— И все же израильская ментальность отличается от российской. В чем ее специфика?
— Как-то раз художник по костюмам из Германии с широко открытыми глазами спросила у меня: «А это правда, что у вас в Израиле можно идти по улице и вдруг заговорить с незнакомым человеком?» Наверное, можно сказать, что в израильской ментальности есть фамильярность, но лично у меня она не вызывает отторжения. Потому что это фамильярность с достоинством, а не хлопание по плечу.
— В отношениях с режиссерами и партнерами по сцене тоже присутствует эта фамильярность?
— Да, присутствует. Я уже шесть лет не играю в «Гешере», и меня часто спрашивают, общаемся ли мы с Евгением Арье (худруком театра «Гешер» — прим. ред.). Я говорю, что нет, не общаемся. «И что, даже не созваниваетесь?» И я не знаю, как объяснить людям, что можно на пальцах одной руки посчитать, сколько раз за 17 лет моей работы в «Гешере» мы с ним созванивались. У нас были просто не те отношения. Между нами всегда была дистанция как между учителем и учеником. Хотя в Израиле нет отчества, я даже здесь никогда к нему не обращалась просто по имени, а только «Евгений Михайлович». С израильскими режиссерами все по-другому: манера общения более демократичная, мы часто созваниваемся (смеется)... Здесь эта дистанция короче.

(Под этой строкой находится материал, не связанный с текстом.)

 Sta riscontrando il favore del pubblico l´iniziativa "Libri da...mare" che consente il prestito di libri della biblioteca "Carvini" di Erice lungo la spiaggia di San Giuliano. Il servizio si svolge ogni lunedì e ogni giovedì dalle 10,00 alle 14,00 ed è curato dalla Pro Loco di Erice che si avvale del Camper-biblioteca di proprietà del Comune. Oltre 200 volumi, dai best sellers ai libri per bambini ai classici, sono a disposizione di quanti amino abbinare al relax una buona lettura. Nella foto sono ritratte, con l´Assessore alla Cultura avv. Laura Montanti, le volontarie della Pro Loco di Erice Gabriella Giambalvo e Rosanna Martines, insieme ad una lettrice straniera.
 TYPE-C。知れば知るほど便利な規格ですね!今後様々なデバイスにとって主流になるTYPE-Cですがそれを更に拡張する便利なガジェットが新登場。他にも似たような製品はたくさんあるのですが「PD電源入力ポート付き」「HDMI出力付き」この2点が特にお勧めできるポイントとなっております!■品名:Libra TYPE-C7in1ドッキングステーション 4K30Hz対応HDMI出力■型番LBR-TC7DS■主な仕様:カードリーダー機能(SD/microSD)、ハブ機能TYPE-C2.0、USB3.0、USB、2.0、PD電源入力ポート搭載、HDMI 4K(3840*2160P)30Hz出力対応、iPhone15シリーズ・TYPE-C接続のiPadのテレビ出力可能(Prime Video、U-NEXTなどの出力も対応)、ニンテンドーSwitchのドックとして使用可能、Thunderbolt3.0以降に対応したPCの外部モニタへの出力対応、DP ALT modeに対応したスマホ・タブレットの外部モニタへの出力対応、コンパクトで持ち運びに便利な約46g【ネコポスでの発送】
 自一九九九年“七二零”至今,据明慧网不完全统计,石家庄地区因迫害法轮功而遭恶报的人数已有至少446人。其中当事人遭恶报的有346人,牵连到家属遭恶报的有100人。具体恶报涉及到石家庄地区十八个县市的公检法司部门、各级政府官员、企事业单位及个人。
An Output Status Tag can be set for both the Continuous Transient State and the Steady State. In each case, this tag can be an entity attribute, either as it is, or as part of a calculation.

— Для вас такая манера общения комфортнее?
— Мне не мешает ни то ни другое, самое важное — это талант режиссера. Когда начинаешь работать и находишь с режиссером язык творческий, дистанция между вами становится незаметной. Она может остаться за кулисами, в жизни, но в работе она уходит. Совместное творчество всегда очень интимно, не менее интимно, чем отношения между мужчиной и женщиной.
— Вы сказали, что уже через год после основания «Гешера» спектакли стали ставить на иврите. На тот момент язык уже хорошо знали?
— Нет, поначалу мы просто заучивали тексты, но при этом, конечно, понимали, о чем идет речь. Иврит я хватала как-то сама, с улицы. Акцент наш никогда не был темой для разговоров, зритель к нему быстро привыкал. Но мы, разумеется, над ним работали. Я и сегодня уделяю этому большое внимание, особенно в «Габиме» (старейший израильский театр, актрисой которого является Евгения Додина — прим. ред.), где все актеры — израильтяне. У меня на каждом спектакле есть педагог по речи, который помогает не только в языке, но и в работе над ролью, помогает лучше понять текст.
— А можно ли, на ваш взгляд, смотреть спектакль, поставленный на чужом языке? Насколько вообще важен текст с точки зрения воздействия на зрителя?
— Недавно я была в Германии и видела там очень много спектаклей, хотя не знаю немецкого. В какой-то момент меня это так затянуло! Не зная языка, ты начинаешь обращать внимание на такие нюансы, которых не замечаешь, когда вслушиваешься в текст и следишь за сюжетом. Говорят, что хореография — международный вид искусства, что танец, жест понятны всем. Я считаю, что театр тоже универсален и незнание языка вовсе не помеха. Когда на сцене творится театральная магия, когда есть актерская энергетика, талантливая игра, от которой невозможно оторваться, это захватывает.
— В Германии вы ведь не только ходили на спектакли, но и сами репетировали?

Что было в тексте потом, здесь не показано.